Requirement
The records below need to be set down again exactly; their images stay out.

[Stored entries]
* * * * *

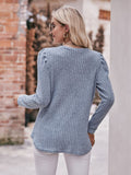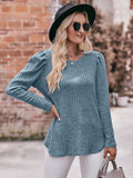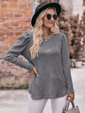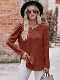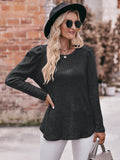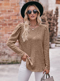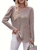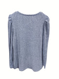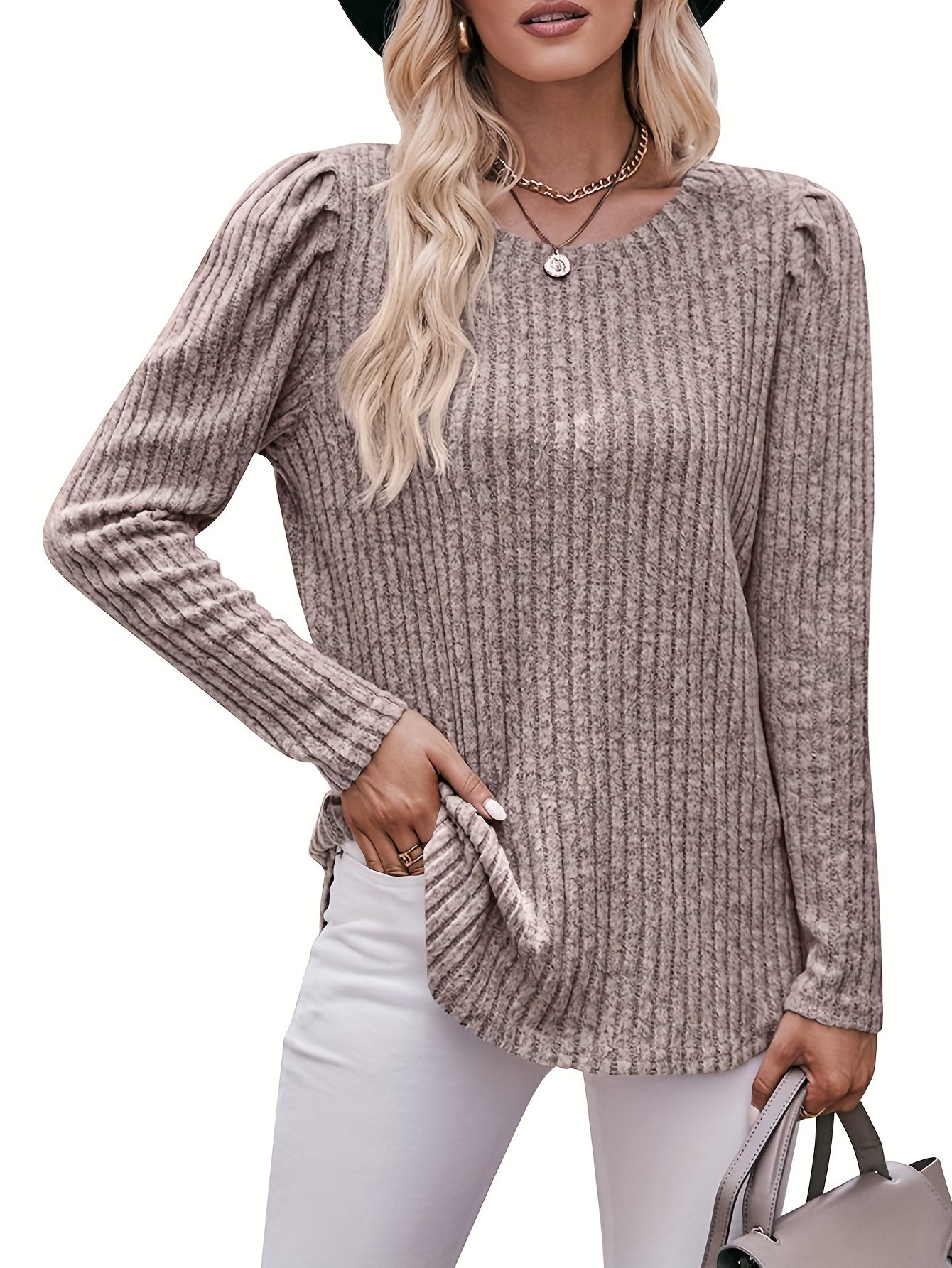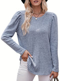Ribbed Crew Neck T-Shirt, Casual Long Sleeve Top
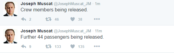 Άλλοι 44 επιβάτες αφέθηκαν ελεύθεροι, ανέφερε ο πρωθυπουργός της Μάλτας Τζόζεφ Μουσκάτ σε ανάρτησή του στο Twitter, και πρόσθεσε ότι αφέθηκαν ελεύθερα και τα μέλη του πληρώματος.
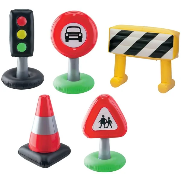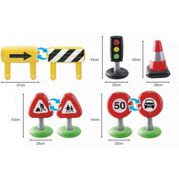 Cet ensemble comprend 5 panneaux de signalisation routière gonflable : 1 cercle, 1 triangle, 1 cône, 1 feu tricolore et 1 barrière de travaux. Le cercle, le triangle et le panneaux de construction sont reversibles.
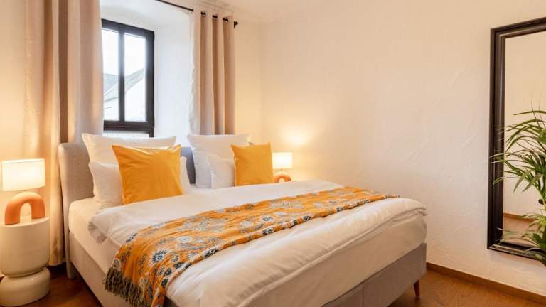 Die Ferienwohnung verfügt über 2 Schlafzimmer, ein Wohnzimmer sowie eine voll ausgestattete Küche mit Kühlschrank und Kaffeemaschine. Ein Badezimmer mit Bidet und Dusche ist ebenfalls vorhanden. Handtücher und Bettwäsche werden bereitgestellt.
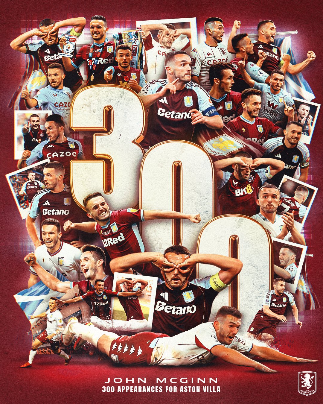 เปิดตัวนักเตะสำรองวันนี้ แม็คกินน์ต้อนรับความสำเร็จ 300 เกมในอาชีพของวิลล่า
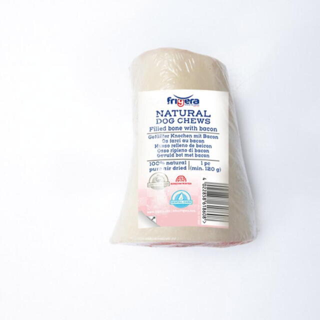 Frigera Natural Dog Chews marvben med baconfyld. En naturlig snack til hunden, der giver god beskæftigelse. Er med til at give en god tandpleje.
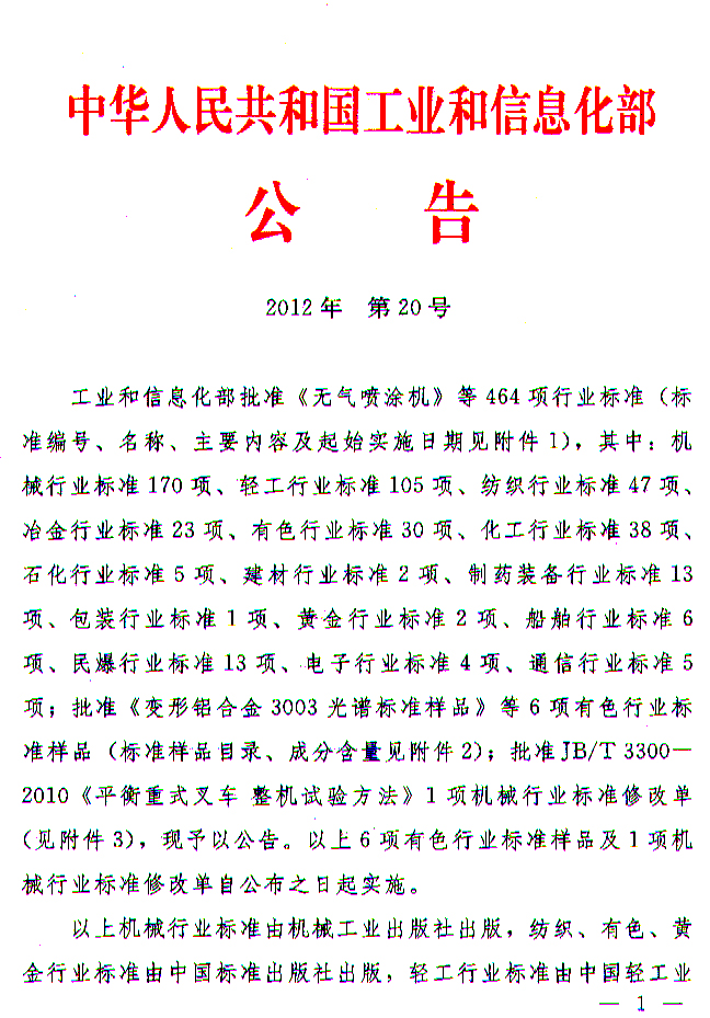 工业和信息化部公告(2012年第20号)批准464项行业标准

* * * * *

Expected output
Ribbed Crew Neck T-Shirt, Casual Long Sleeve Top
 Άλλοι 44 επιβάτες αφέθηκαν ελεύθεροι, ανέφερε ο πρωθυπουργός της Μάλτας Τζόζεφ Μουσκάτ σε ανάρτησή του στο Twitter, και πρόσθεσε ότι αφέθηκαν ελεύθερα και τα μέλη του πληρώματος.
 Cet ensemble comprend 5 panneaux de signalisation routière gonflable : 1 cercle, 1 triangle, 1 cône, 1 feu tricolore et 1 barrière de travaux. Le cercle, le triangle et le panneaux de construction sont reversibles.
 Die Ferienwohnung verfügt über 2 Schlafzimmer, ein Wohnzimmer sowie eine voll ausgestattete Küche mit Kühlschrank und Kaffeemaschine. Ein Badezimmer mit Bidet und Dusche ist ebenfalls vorhanden. Handtücher und Bettwäsche werden bereitgestellt.
 เปิดตัวนักเตะสำรองวันนี้ แม็คกินน์ต้อนรับความสำเร็จ 300 เกมในอาชีพของวิลล่า
 Frigera Natural Dog Chews marvben med baconfyld. En naturlig snack til hunden, der giver god beskæftigelse. Er med til at give en god tandpleje.
 工业和信息化部公告(2012年第20号)批准464项行业标准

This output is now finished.